INFLECT-DGNN: Influencer Prediction with Dynamic Graph Neural Networks
- URL: http://arxiv.org/abs/2307.08131v4
- Date: Tue, 10 Sep 2024 15:51:39 GMT
- Title: INFLECT-DGNN: Influencer Prediction with Dynamic Graph Neural Networks
- Authors: Elena Tiukhova, Emiliano Penaloza, María Óskarsdóttir, Bart Baesens, Monique Snoeck, Cristián Bravo,
- Abstract summary: We present INFLuencer prEdiCTion with Dynamic Graph Neural Networks (GNNs) and Recurrent Neural Networks (RNNs)
We introduce a novel profit-driven framework that supports decision-making based on model predictions.
Our research has significant implications for the fields of referral and targeted marketing.
- Score: 4.677411878315618
- License: http://creativecommons.org/licenses/by/4.0/
- Abstract: Leveraging network information for predictive modeling has become widespread in many domains. Within the realm of referral and targeted marketing, influencer detection stands out as an area that could greatly benefit from the incorporation of dynamic network representation due to the continuous evolution of customer-brand relationships. In this paper, we present INFLECT-DGNN, a new method for profit-driven INFLuencer prEdiCTion with Dynamic Graph Neural Networks that innovatively combines Graph Neural Networks (GNNs) and Recurrent Neural Networks (RNNs) with weighted loss functions, synthetic minority oversampling adapted to graph data, and a carefully crafted rolling-window strategy. We introduce a novel profit-driven framework that supports decision-making based on model predictions. To test the framework, we use a unique corporate dataset with diverse networks, capturing the customer interactions across three cities with different socioeconomic and demographic characteristics.

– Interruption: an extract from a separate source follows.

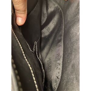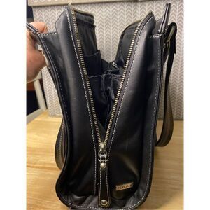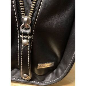 PERLINA BLACK GENUINE LEATHER THREE COMPARTMENTS BUSINESS TOTE SHOULDER BAG
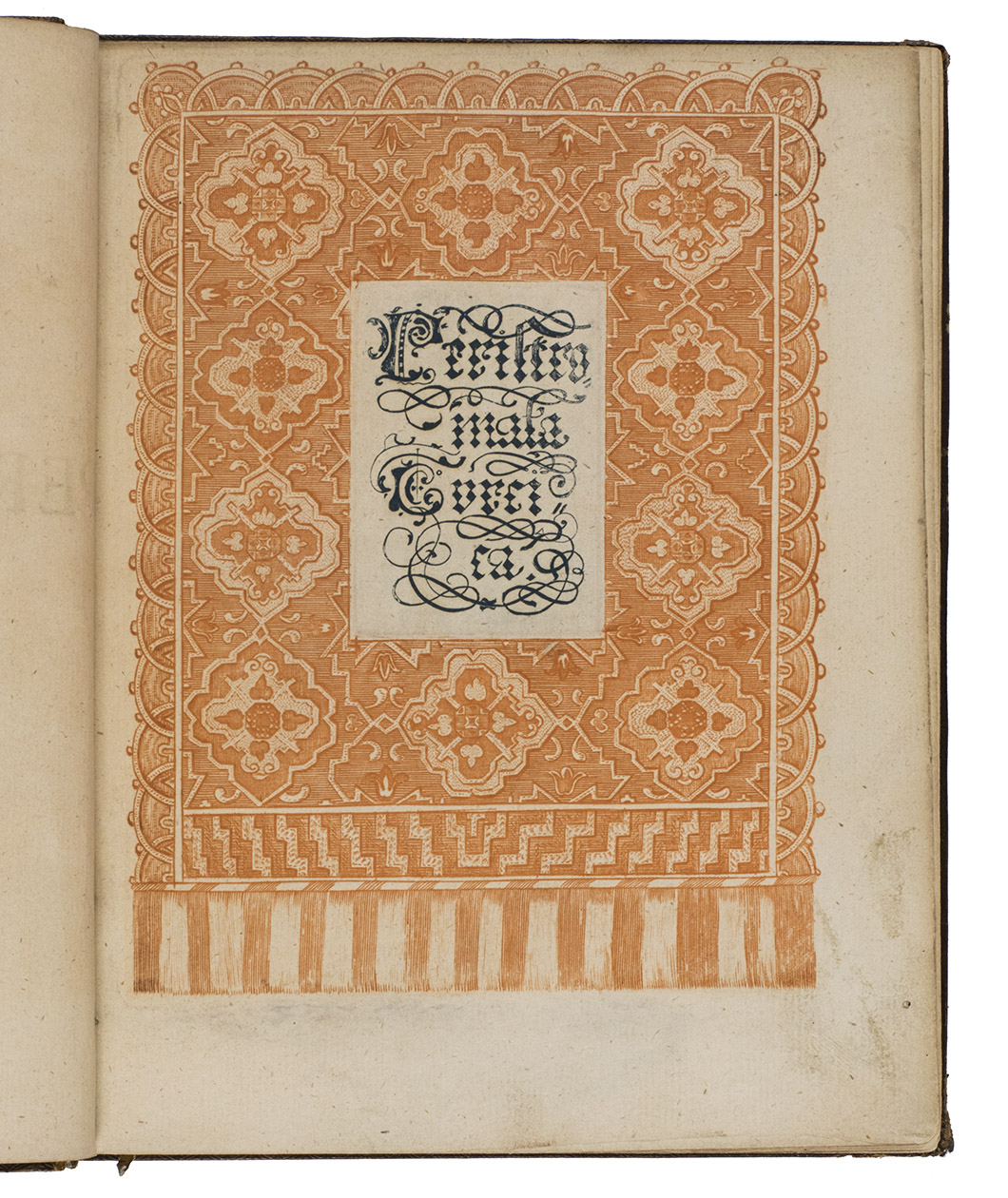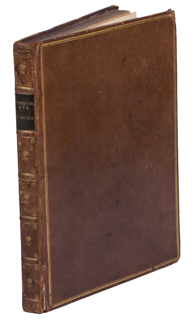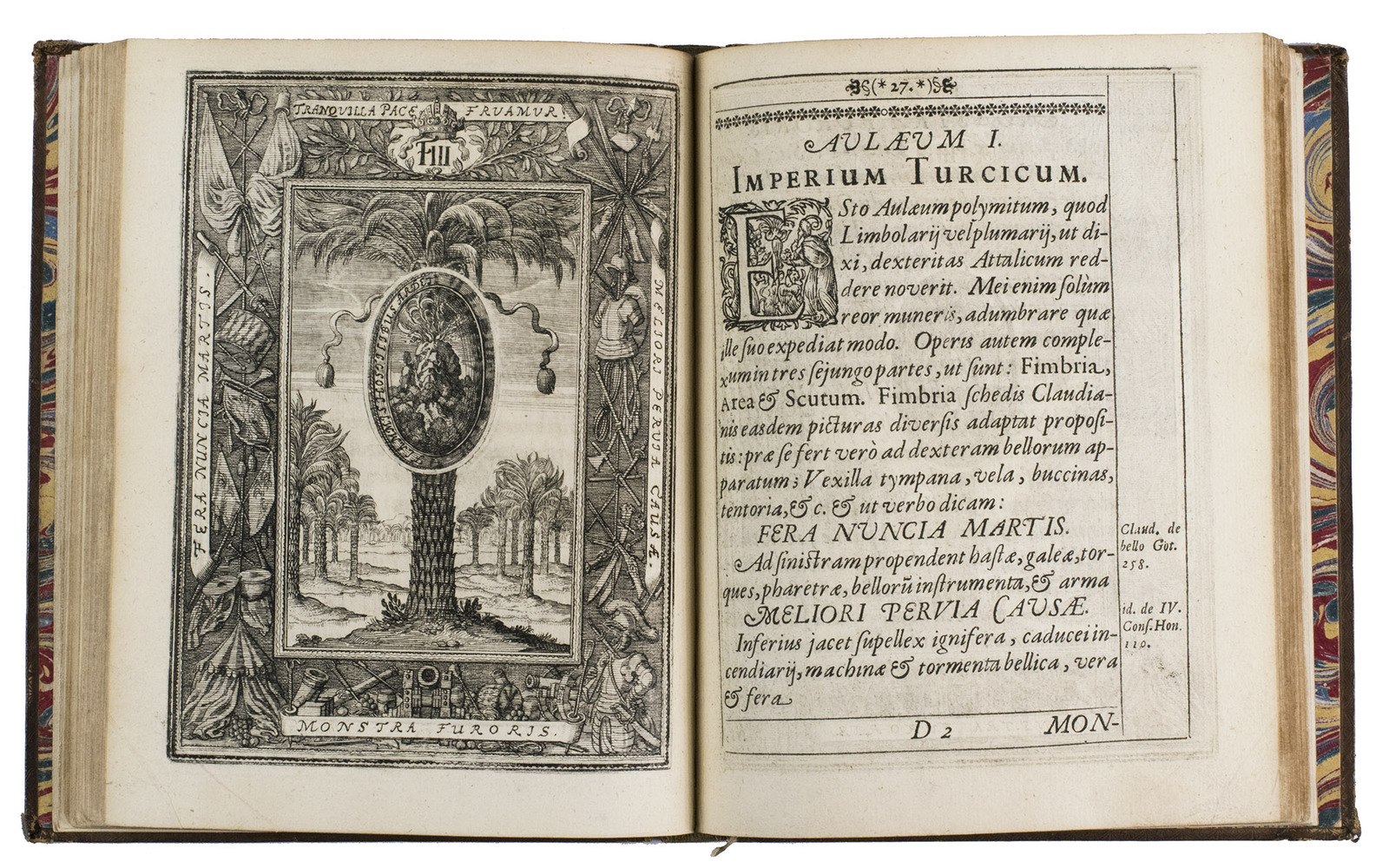 [Nürnberg, Wolfgang Endter] (ad 1 with a false colophon: Paris, Toussaint du Bray), [each title-page with a chronogram:] 1641 (ads 1-2, 4) & 1642 (ad 3). 4 editions published together in 1 volume. 4to. With 4 letterpress title-pages in red and black, each with the date in a chronogram, 2 engraved title-plates plus 12 full-page engraved emblematic illustrations, all on integral leaves, each with a small plate nested in a larger plate (7 in the Peristromata with a varying rectangular central plate in dark blue or black and the same outer plate of a Persian carpet in orange; 7 in the Gallia with a varying oval central plate and the same outer plate representing peace with the palm tree in a landscape device of the Fruchtbringende Gesellschaft and a border representing war with military attributes). Further with 5 woodcut head- and tailpieces (plus 8 repeats), 21 "woodcut" decorated initials (5 series, at least some actually metal castings made from woodcuts) plus 8 repeats, and cast vine-leaf ornaments, acorns and other fleurons. Set in roman and italic types with incidental Greek and Hebrew. Light brown calf (ca. 1820?) by Charles Murton (ca. 1795?-ca. 1860?) in London, with his stamp on the front paste-down, sewn on 5 cords, gold-tooled spine with black morocco label, gold thick-thin fillets on boards, gold-tooled board edges, blind-tooled turn-ins, curl-marbled endpapers (white, red, blue, yellow and blue-green in that order), and an orange silk ribbon marker. 46, [1], [1 blank]; [3], [1 blank], 34; 64; 51, [1 blank] pp.

Our results show how using RNNs to encode temporal attributes alongside GNNs significantly improves predictive performance, while the profit-driven framework determines the optimal classification threshold for profit maximization. We compare the results of different models to demonstrate the importance of capturing network representation, temporal dependencies, and using a profit-driven evaluation. Our research has significant implications for the fields of referral and targeted marketing, expanding the technical use of deep graph learning within corporate environments.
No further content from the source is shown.